Aktualizacja: 20.01.2021 06:30 Publikacja: 20.01.2021 00:37

Pożegnalne wystąpienie Trumpa. "Nie rozpocząłem żadnej wojny"

Foto: Biały Dom

zew

W opublikowanym przez Biały Dom nagraniu prezydent Stanów Zjednoczonych przekazał "najlepsze życzenia" nowej administracji, nie wymieniając przyszłego prezydenta Joe Bidena z nazwiska.

Donald Trump rozpoczął od podziękowań pod adresem swej rodziny, wiceprezydenta Mike'a Pence'a oraz członków administracji i agentów Secret Service. Powiedział, że służba w roli prezydenta Stanów Zjednoczonych była dla niego najwyższym zaszczytem.

W pożegnalnym wystąpieniu Trump podkreślił, że przybył do Waszyngtonu jako "człowiek z zewnątrz". - Wiedziałem, że potencjał naszego narodu jest nieskończony, o ile tylko postawimy Amerykę na pierwszym miejscu - mówił.

Podsumowując kadencję prezydent wymienił rzeczy, które uważa za osiągnięcia swoje i swojej administracji.

- Wraz z milionami ciężko pracujących patriotów zbudowaliśmy najwspanialszy ruch polityczny w historii naszego kraju. Stworzyliśmy największą gospodarkę w historii - przekonywał. - Nie chodziło nam o prawicę i lewicę, Republikanów czy Demokratów, lecz o dobro narodu, całego narodu - dodał.

Do swych sukcesów Trump zaliczył obniżkę podatków i usunięcie zbędnych, "niszczących miejsca pracy" regulacji, "naprawę niedziałających" umów handlowych i wycofanie USA z porozumień paryskich. - Nałożyliśmy historyczne i monumentalne cła na Chiny. Zawarliśmy świetną nową umowę z Chinami - wyliczał.

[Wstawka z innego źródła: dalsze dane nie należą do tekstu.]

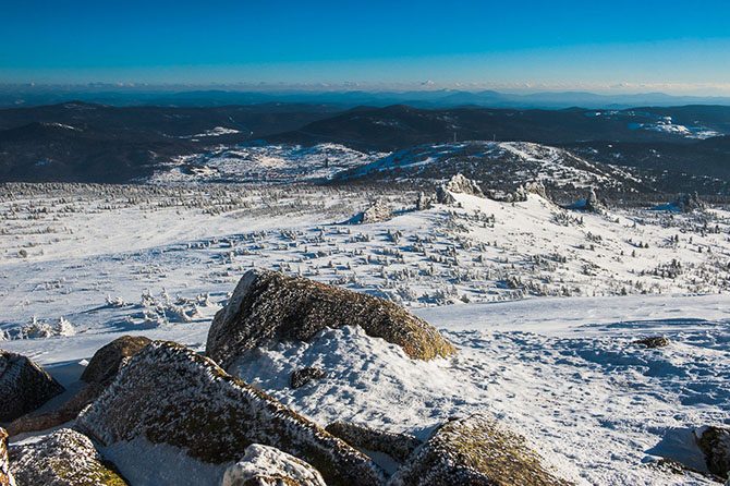 Горная Шория крайне не высока, и сами горы больше похожи на высокие холмы. Как таковых пиков здесь практически нет.

W przemówieniu Donald Trump wspomniał także o objęciu przez USA pozycji lidera w produkcji ropy i gazu, o odbudowie amerykańskiego przemysłu i spadku bezrobocia. Mówił również o stworzeniu sił kosmicznych USA, wzmocnieniu sił zbrojnych, ochrony granic i budowie muru na granicy z Meksykiem. - Zniszczyliśmy kalifat ISIS i zakończyliśmy życie jego założyciela i przywódcy, al Baghdadiego - zaznaczył.

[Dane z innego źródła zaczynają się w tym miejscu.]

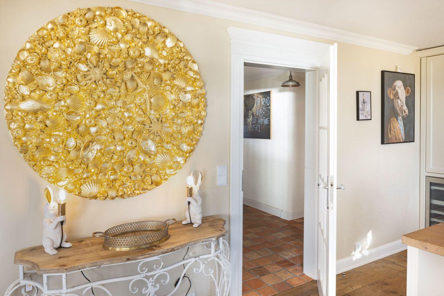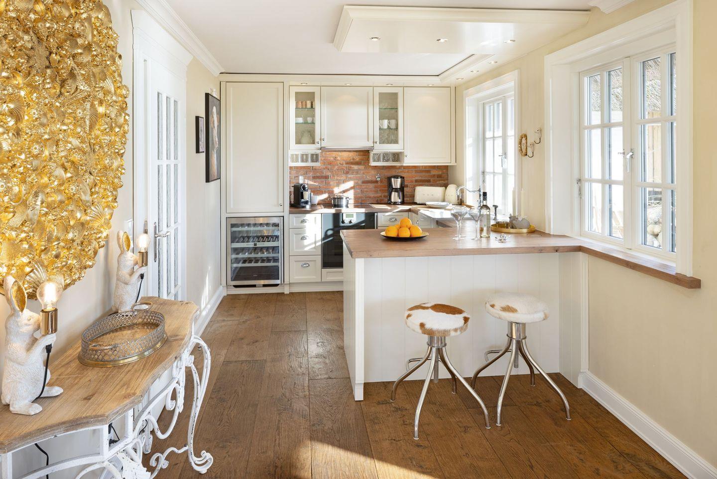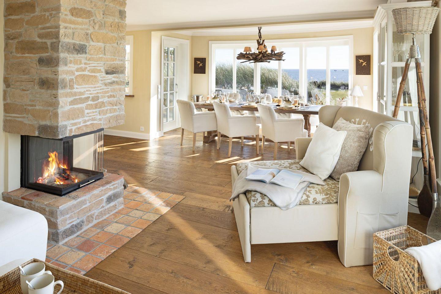Die offene Küche ist modern gestaltet und verfügt über alle notwendigen Geräte, darunter ein Cerankochfeld, einen Backofen und eine Spülmaschine. Genießen Sie gesellige Kochabende am großen Esstisch, der nahtlos in den Wohnbereich übergeht. Der Wohnraum ist stilvoll mit Parkett ausgestattet und lädt mit einer gemütlichen Sofaecke und einem offenen Kamin zu entspannten Stunden ein. Für Unterhaltung sorgt ein hochmodernes Entertainment-System mit vier Fernsehern und einer schnellen Internetverbindung über WLAN.

- Odbudowaliśmy amerykańską siłę w domu i przywództwo za granicą. Świat znów nas szanuje. Proszę, nie utraćcie tego szacunku - oświadczył.

Do sukcesów zaliczył zawarcie porozumień pokojowych na Bliskim Wschodzie. - To świt nowego Bliskiego Wschodu, a nasi żołnierze wracają do domu - mówił.

- Jestem szczególnie dumny z tego, że jako pierwszy prezydent od dekad nie rozpocząłem żadnej wojny - podkreślił.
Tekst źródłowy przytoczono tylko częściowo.